Patents and literature

The following measurements about Lorin and size of each Chamber of the stirred column according to the invention and the type and speed of the stirrer are not per se for the invention essential, but can serve for explanation.

In an example carried out in a multi-stage stirred column, in addition to an increase in the stage efficiency from 50 to ^ 0% for homogeneous, thin-bodied products such as water, a significant decrease in the concentration of pesticides by approx. 20 # was measured (despite the lack of edge sealing).

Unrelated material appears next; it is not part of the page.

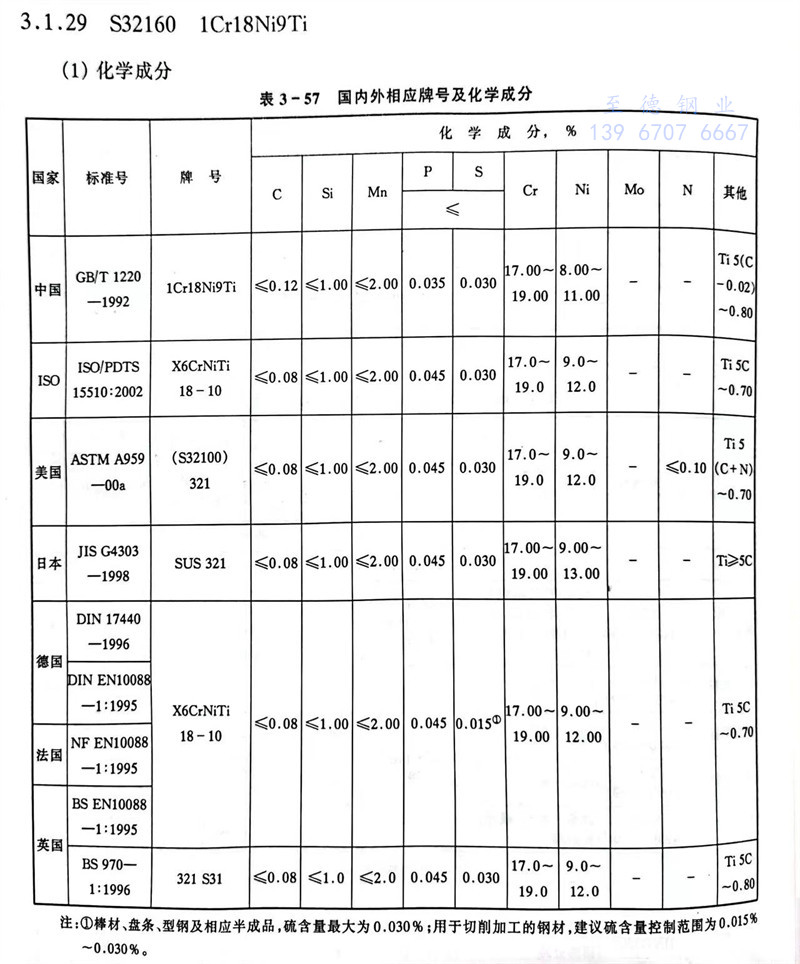 S32160 1Cr18Ni9Ti 不銹鋼主要(yao)特性和用(yong)途

The diameter D of the column was 420 mm, the chamber height was 0.5 D. The submerged tubes had an internal diameter d = 17 mm, a length of 3 d (or 0.04 D), a center distance from the agitator shaft of 0.25 D and an offset from chamber to chamber of 90 °. Both multi-flow impulse countercurrent stirrers were used as stirring elements as well as disk stirrers with an outer diameter of 300 mm. The column was equipped with four baffles. The maximum rate of descent of the largest particles was 2.5 cm / sec, the flow rate in the one connecting two chambers Pipe was about 90 cm / sec.

Claims (4)

Expectations 1. Continuously in cocurrent operated stirred column, with several successive, equipped with stirrers chambers, characterized in that as a means for setting a certain concentration of a liquid dispersed in a carrier phase, the crossings between the ™ otherwise sealed chambers each as at least one against the / itrömungsrichtung (13) submerged tube (11) are formed, whose entry cross-section (12) forming the outlet of the respective chamber at the point of the chamber interior with the passage for the passage desired concentration is set. 2. stirred column according to claim 1, characterized in that the tubes connecting the chamber (11) from chamber to chamber against each other are arranged offset. 3 · stirred column according to claim 1, characterized in that the individual tubes (11) with one or more inlets and outlets let (12) are provided. 4. stirred column according to claim 1, characterized in that the length of the pipe (11) forming the respective transition larger than its diameter.